Women have been oppressed throughout history. The same is true for African Americans. When a person identifies as a Black woman, the level of oppression is multiplied exponentially. Kimberle Crenshaw discussed the concept of intersectionality in her article Intersectionality and Identity Politics: Learning from Violence against Women of Color. Crenshaw says “the intersections of race and gender only highlights the need to account for multiple grounds of identity when considering how the social world is constructed”. 1

Intersectionality is illustrated in Passing, by Nella Larsen, and Their Eyes Were Watching God, by Zora Neale Hurston.

The two title characters in Passing, Irene and Clare, both deal with intersectionality. As African American women, they are faced with the question of how to succeed against oppression due to race and gender. Each woman takes a different approach.

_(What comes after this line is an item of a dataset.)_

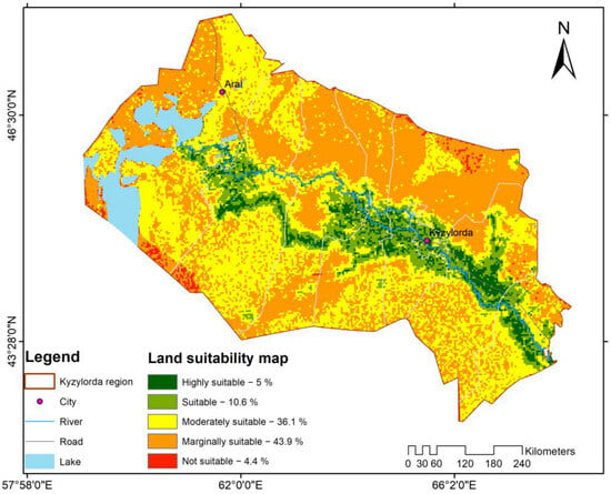 Within the study region highly suitable areas (S1) account for 5% of the total land area (11,300 km2) (refer to Figure 3). These zones are primarily concentrated along the Syrdarya river and its tributaries, where access to irrigation water is reliable, and topographic conditions are highly favorable. Proximity to perennial water sources and fertile alluvial soils make these territories exceptionally advantageous for intensive agricultural production. However, around 30% of the S1 lands remain uncultivated, mainly distributed across the Karmakshy, Shieli, and Zhalagash districts. The limited utilization of these highly suitable areas is largely attributed to insufficient irrigation infrastructure, poor transportation accessibility, and the high costs associated with developing new irrigation systems. Suitable areas (S2) cover 10.6% of the total land area (23,956 km2). These areas present minor, manageable constraints and generally favorable farming conditions. Moderately suitable areas (S3) comprise 36.1% of the land (81,586 km2). While these areas exhibit agricultural potential, overcoming specific limitations requires strategic planning and efficient resource management. Marginally suitable areas (S4) represent 43.9% of the total land area (99,214 km2). Severe constraints hinder traditional farming practices, but innovative methods could unlock their latent potential for limited agricultural use. Not suitable areas (N) constitute 4.4% of the total land (9944 km2). These regions are unsuitable for agriculture due to poor soil quality, challenging topography, or lack of water resources.

Irene opts to marry a Black man who is a doctor and become involved in activism to support her race. Her husband is limited in his practice due to the color of his skin, but is at the height of possibility for a Black man. Irene has embraced her racial identity and considers herself successful in that she has gone as far as a woman of color can go on the social scale.

Clare decides to “pass” as white. She has a lighter skin color and it is not obvious to others that she is African American. Clare is married to a white man, which furthers the possibility of “passing”. Her contemporaries would have never found an interracial marriage acceptable. Because of events in Clare’s past, her husband doesn’t know she is black. By “passing”, Clare is afforded the luxuries that white women enjoy.

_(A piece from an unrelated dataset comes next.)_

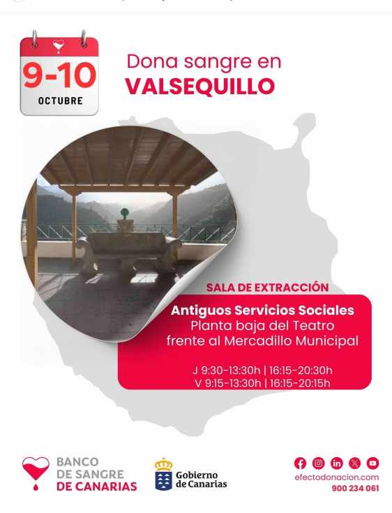 El Banco de Sangre y Tejidos de Canarias invita a la ciudadanía a participar en una nueva campaña de donación de sangre que se llevará a cabo en Valsequillo los próximos jueves 9 y viernes 10 de octubre.

In Their Eyes Were Watching God, title character Janie has feminist desires. She wishes to engage in behaviors women, especially women of color such as herself, were not permitted to perform by their husbands during the time of publication of the novel, 1937. Janie wants to be invited to do things such as: public speaking, working, taking part in community events, and playing checkers.

Janie enters three marriages. With each marriage she has the hope that her husband will support her in her desires. Her first two spouses are abusive and controlling, denying her the right to partake in any of the typically male activities. Her third husband, Tea Cake, teaches Janie to play checkers and invites her to play with him. He encourages her to work in the field with him and invites her to the late night parties after the workdays. He even teaches Janie to shoot a gun. Tea Cake is also abusive financially, physically, and emotionally, but Janie considers herself fulfilled as a woman regardless.

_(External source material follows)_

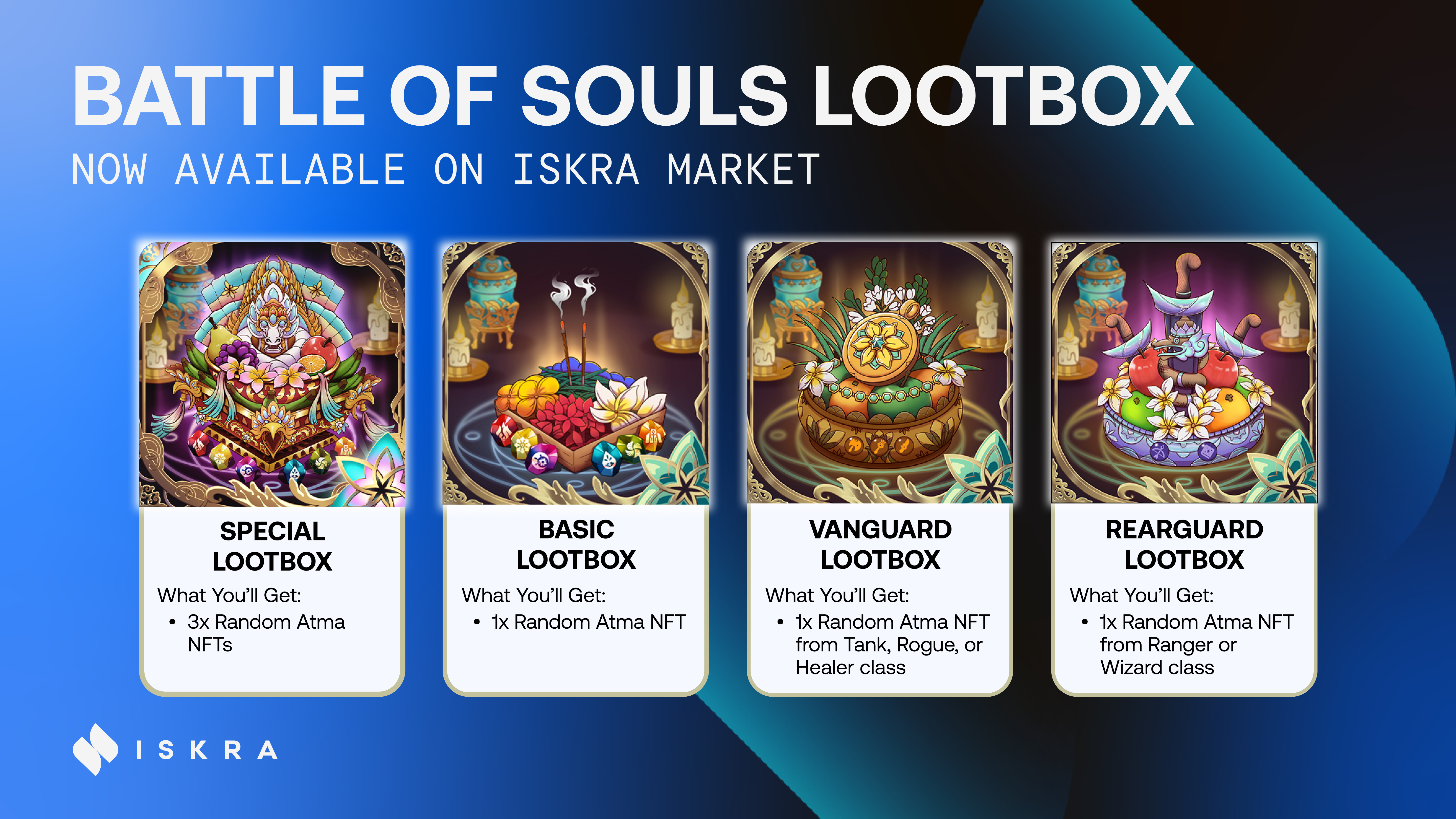 Each Lootbox contains a season-exclusive Atma NFT with unique abilities to help you navigate the mythical world of Battle of Souls. Collect and train them to build your best battle squad. Get them here.

Women throughout history have been forced to make, often horrible, decisions to further themselves to a top that is still lower than what men can easily achieve. Intersectionality asks that we consider all factors of identity when viewing oppression. African American women face different levels of oppression than Caucasian women, as do other multi-layered minority women. This does not diminish the level of oppression experienced by white women, as racial identity is only one, among many, factors. Other minority factors include, but are not limited to, sexual identity, social class, age, health status, education, etc.

1Crenshaw, Kimberle. “Intersectionality and Identity Politics: Learning from Violence against Women of Color.” Feminist Theory: A Reader, edited by Wendy K. Kolmar and Frances Bartkowski, 4th Edition, McGraw-Hill, 2013, p. 485.